***********************************************************************************************Cenk beyle yakınlaşmamızın üzerinden iki hafta geçmişti, Cenk beyi o günün sabahından sonra hiç görmemiştim evden yaptığı hatayı anlayıp kaçar gibi çıkmıştı. Aslında benim de hatam büyüktü karşılık vermemeliydim.. olan olmuştu Cenk Beyin şirkete gelmemesi benim işime gelmişti ama içten içe de merak ediyordum yaşananlardan dolayı mı gelmiyordu yoksa farklı işleri mi vardı.
Sert bir rüzgar düşüncelerimden sıyrılmama yardımcı olmuştu. Kollarımı bedenime sarıp manzaraya bakmaya devam ettim.
Omuzlarımda hissettiğim ağırlıkla arkamı döndüm.
Görmeyi beklemediğim, benden kaçmış olduğunu düşündüğüm adam şuan karşımdaydı ne diyeceğimi bilemedim sadece dudaklarımdan "Teşekkür ederim" dökülmüştü.
Sanırım Cenk bey'de tam olarak ne söyleyeceğini kestiremiyordu. arkamı dönüp manzarayı izlemeye devam ettim her rüzgar estiğinde ceketin üzerinde ki koku ciğerlerime doluyordu. Sessizliği bozan Cenk Bey'in tok sesi oldu.
"Ayla.. beni yanlış anlamanı istemem"
"Cenk bey açıklama yapmak zorunda değilsiniz. bir anlık bir şey olduğunu anlayacak kadar olgunum" dil böyle söylese de kalbim böyle söylemiyordu.
"Özür dilerim" diye bilmişti sadece..
"Önemi yok Cenk bey, ben unuttum bile" sırtım cenk beye dönük olduğundan yüzümdeki acı tebessümü görememişti.
Sessizliğin ardından kapının sesiyle Cenk beyin çıktığını anladım.

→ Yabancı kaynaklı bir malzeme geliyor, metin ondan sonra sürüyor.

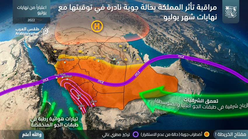 Specialists at the Arabian Regional Weather Center attributed the rare rains that fell in Riyadh on July 31, 2022 to unusual weather patterns that allowed large quantities of tropical moisture to flow in a rare manner from the Arabian Sea and the Horn of Africa region towards all the southern and central parts of the Arabian Peninsula. , including the capital, Riyadh.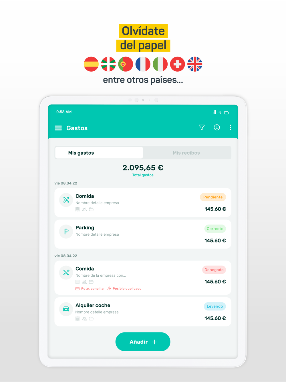 7. Integra la petición de anticipos en el proceso de notas de gasto de la forma más sencilla posible.

Kalbim sıkışıyordu her şeyin sadece anlık olduğunu söylemek kolaydı ama kalbimin bu gerçek karşısında sızlaması çok saçmaydı. her şey bir anda gelişmişti sonrasında hissettiğim duygular bana yabancıydı.
Düşündüm de bu hayata tam anlamıyla kimse tarafından sevilmemiştim. Ailem beni bir zindana kapatmıştı odamın küçük penceresinden göre bilmiştim dünyayı. Bu hayatta sadece kendi mesleğimi seçme şansım olmuştu. Kurtuluşum en büyük zaferimdi.
***********************************************************************************************
Her yeni gün, yeni bir başlangıçtır.
bugünü kendime ayırmıştım bugün haftanın en sevdiğim günüydü iş yok, trafik yok, sabah erken kalmak yok. sadece kahvem ve ben. Camın kenarına oturmuş sitenin içerisinde çocukların anne babalarıyla oynadıkları oyunları izliyordum hep imrenmişimdir güzel bir aile sarıp sarmalayan anne, süper kahraman bir baba. bunları düşündükçe kendime sözler veriyordum ilerde çocuk sahibi olduğumda sevgimi hissettirecektim benim yaşadıklarımı yaşatmayacak mutlu bir çocukluk geçirmelerini sağlayacaktım.
Canım iç sesim 'sen önce bir kocayı bul da sonra çocuk mevzusunu düşünürsün' diye beni daldığım düşüncelerden çıkarmıştı.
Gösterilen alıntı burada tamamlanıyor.